§ **WORK TO COMPLETE**
These records contain pictures, which must be left out; copy exactly the lines from the one with "[アロハロカヒ] ハワイアンジュエリー ネックレス" up to and including the one with "triptyque © BO".
═══
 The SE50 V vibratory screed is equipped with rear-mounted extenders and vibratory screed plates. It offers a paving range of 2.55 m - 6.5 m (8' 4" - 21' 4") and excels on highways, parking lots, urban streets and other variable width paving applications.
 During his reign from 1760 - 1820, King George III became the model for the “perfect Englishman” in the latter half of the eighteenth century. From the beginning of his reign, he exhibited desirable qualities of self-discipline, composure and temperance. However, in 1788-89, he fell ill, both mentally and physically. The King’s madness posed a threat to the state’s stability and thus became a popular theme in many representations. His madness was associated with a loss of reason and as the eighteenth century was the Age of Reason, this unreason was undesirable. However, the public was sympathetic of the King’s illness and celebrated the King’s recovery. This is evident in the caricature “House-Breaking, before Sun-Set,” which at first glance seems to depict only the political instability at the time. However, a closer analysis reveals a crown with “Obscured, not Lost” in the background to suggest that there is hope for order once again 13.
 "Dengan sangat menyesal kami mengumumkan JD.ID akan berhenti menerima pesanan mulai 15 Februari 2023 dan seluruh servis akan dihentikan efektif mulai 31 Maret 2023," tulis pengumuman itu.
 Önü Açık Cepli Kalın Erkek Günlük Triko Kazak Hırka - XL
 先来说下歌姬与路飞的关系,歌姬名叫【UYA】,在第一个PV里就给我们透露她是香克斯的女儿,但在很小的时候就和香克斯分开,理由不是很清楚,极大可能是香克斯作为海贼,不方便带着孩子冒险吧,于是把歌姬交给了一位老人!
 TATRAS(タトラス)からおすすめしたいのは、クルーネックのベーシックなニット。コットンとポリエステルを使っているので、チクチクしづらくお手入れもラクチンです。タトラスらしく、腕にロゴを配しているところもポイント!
═══
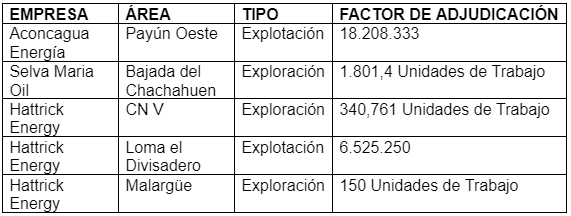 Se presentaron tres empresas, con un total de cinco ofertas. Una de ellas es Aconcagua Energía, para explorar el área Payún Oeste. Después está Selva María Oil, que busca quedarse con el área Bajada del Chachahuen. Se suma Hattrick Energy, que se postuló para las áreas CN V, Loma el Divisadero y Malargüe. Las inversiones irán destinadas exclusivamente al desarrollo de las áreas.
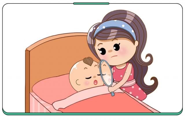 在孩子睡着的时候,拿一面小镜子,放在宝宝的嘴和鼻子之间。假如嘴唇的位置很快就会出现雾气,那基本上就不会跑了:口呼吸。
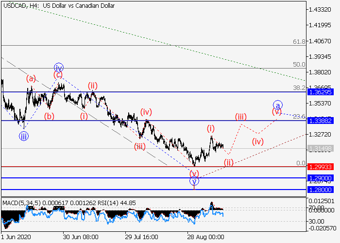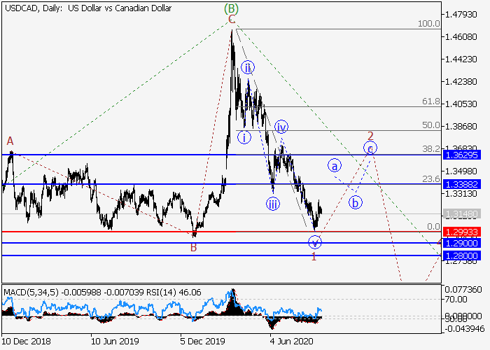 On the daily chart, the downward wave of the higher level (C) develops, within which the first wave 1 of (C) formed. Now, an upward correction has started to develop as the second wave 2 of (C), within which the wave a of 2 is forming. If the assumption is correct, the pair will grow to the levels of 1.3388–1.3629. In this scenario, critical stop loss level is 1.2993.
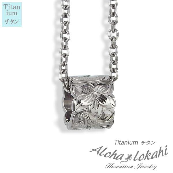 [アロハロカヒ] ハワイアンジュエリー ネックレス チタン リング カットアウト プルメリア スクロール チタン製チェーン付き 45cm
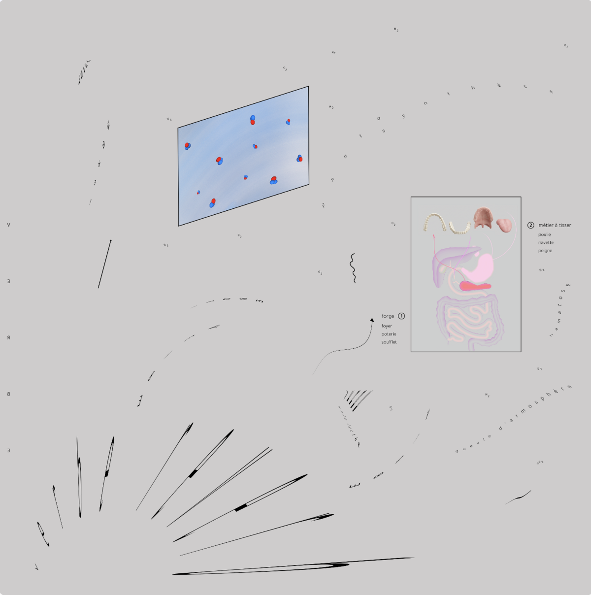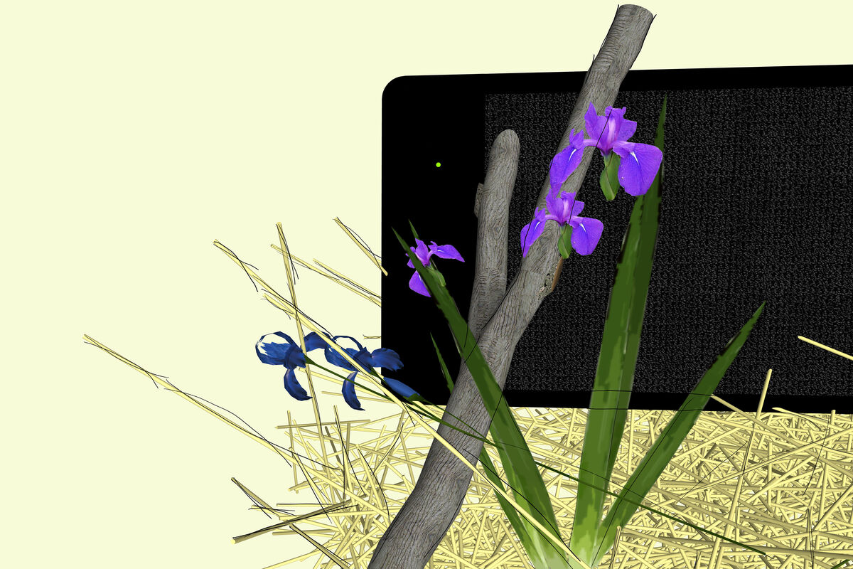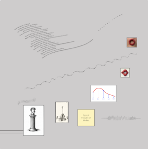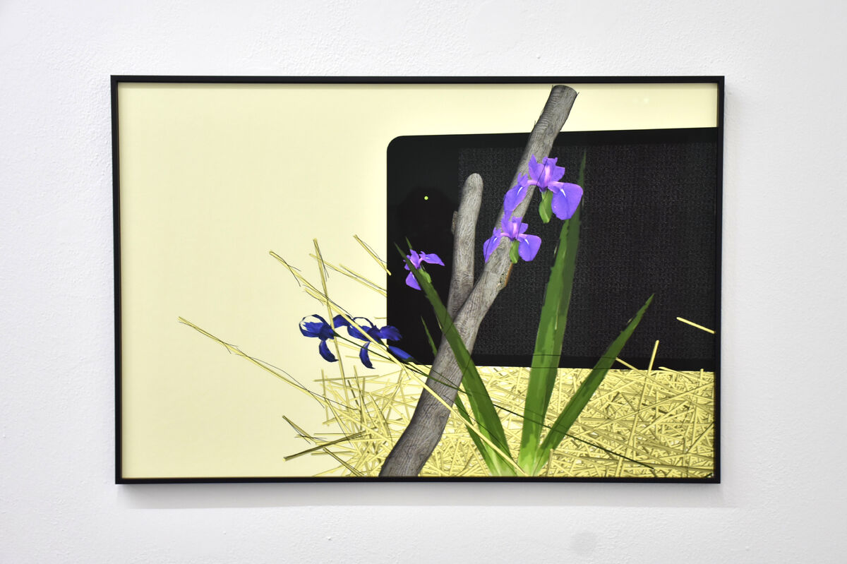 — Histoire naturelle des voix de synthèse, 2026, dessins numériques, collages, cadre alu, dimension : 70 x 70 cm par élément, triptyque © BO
═══
§ **EXERCISE OUTPUT**
 [アロハロカヒ] ハワイアンジュエリー ネックレス チタン リング カットアウト プルメリア スクロール チタン製チェーン付き 45cm
 — Histoire naturelle des voix de synthèse, 2026, dessins numériques, collages, cadre alu, dimension : 70 x 70 cm par élément, triptyque © BO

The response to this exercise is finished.